History’s Kitchen : Nani Steele’s book of recipes does much to explore the alchemy of a South Coast family’s spirit.
History’s Kitchen
Nani Steele’s book of recipes does much to explore the alchemy of a South Coast family’s spirit.
Thursday, April 23, 2009
“There are so many facets to the Fassetts,” Romney “Nani” Steele says, and she should know. After growing up as one of the four grandchildren raised at Nepenthe – she was very close with her grandmother and remembers the people Lolly pulled in clearly (like the hulking ex-Hollywood stuntman called Robot who would play with the grandkids, balance tables on his chin, then crash on Lolly’s kitchen floor) – she grew up cooking, then organized weddings and events, and served as chef for a nascent Cafe Kevah named after her great grandma.
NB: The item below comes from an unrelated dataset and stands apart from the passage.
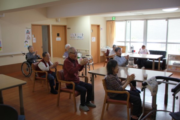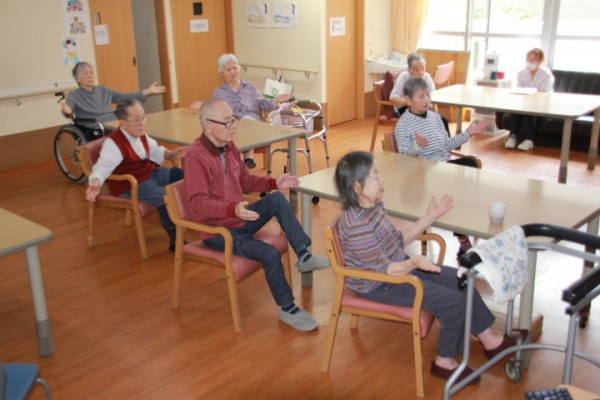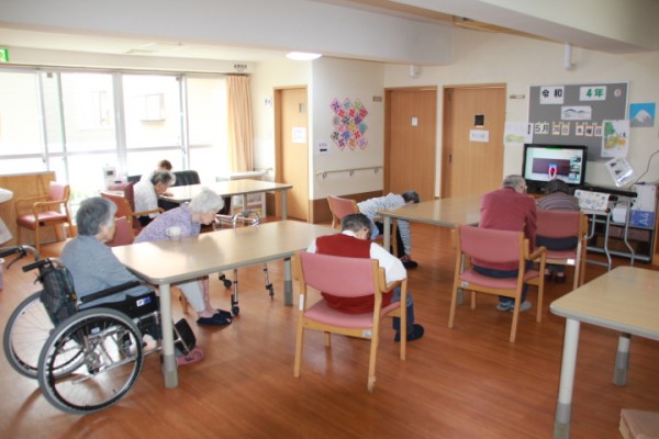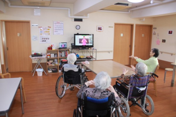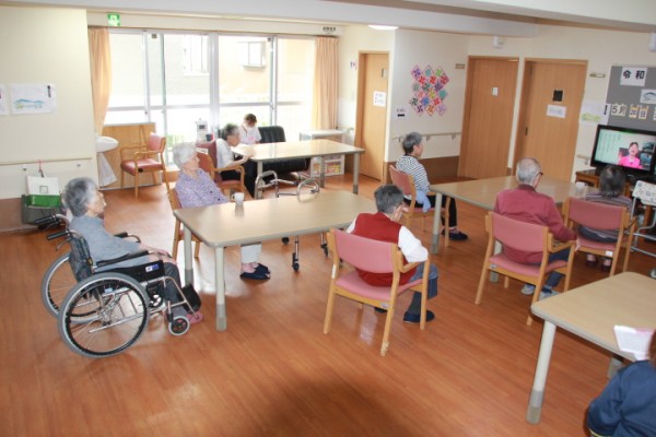 こんにちは!(^_-)-☆ 認知症対応型共同生活介護 グループホームみんなの家 蕨です。本日もリモート・ストレッチ口腔体操に参加されたご様子をブログにしました。ストレッチ口腔体操は、午前中に行われるため、参加できる方は、今日お風呂に入らない方、と順番待ちの方が参加して頂きました。いつもは、2階のホールに2ユニットがそろって参加するのがいつものパターンなのですが、午前中のリモートは、職員も忙しく上から下へ、ご利用者様を下すのが大変なので、今日は、それぞれのユニットでの参加でした。カメラマンも行ったり来たり走りまわりました。皆様朝からのびやかに参加されておりました。今日も写真をたくさん載せてます。ありがとうございました。m(__)m

She knows it even better after aggregating anecdotes along with 60-plus recipes for South Coast delicacies like the ambrosia burger, Nepenthe’s cheese pie and the California crab Louis (which will be served Friday) for My Nepenthe: Bohemian Tales of Food, Family and Big Sur. Her book will emerge this fall; she’ll read from the manuscript Friday, and her textured blog already ticks through a trove of revelations, to which she’s inviting Nepenthe visitors to add theirs.
Here’s three morsels culled from her blog and book, which she admits ultimately is more about people than a place, and as much a memoir as a cookbook:
• Longtime jack-of-all-trades and master storyteller Bill Fassett, after abandoning ship as a merchant marine to track down his wife-to-be, dreamed of a hot dog-coffee stand called Bill’s Place rather than the sweeping vision that embraced the “aesthetics and poetry of place” in his wife’s mind, where sanctuary-seeking pilgrims could forget their worldly cares.
• Henry Miller would come in with his entourage, take over, and stay all night long. On past midnight Lolly would send a signal from her log cabin that it was time to go: a staffer asking Miller, “How would you like your eggs?”
• During the filming of The Sandpiper, Elizabeth Taylor and Richard Burton (Taylor drank tea; Burton had a couple drinks) ate there every day. Burton requested Helen Weston (of Carmel Westons) as his waitress. She’d temptingly make him “passion cookies.” (The recipe is in the book; the other names for the treats, Steele says, are too naughty to publish.)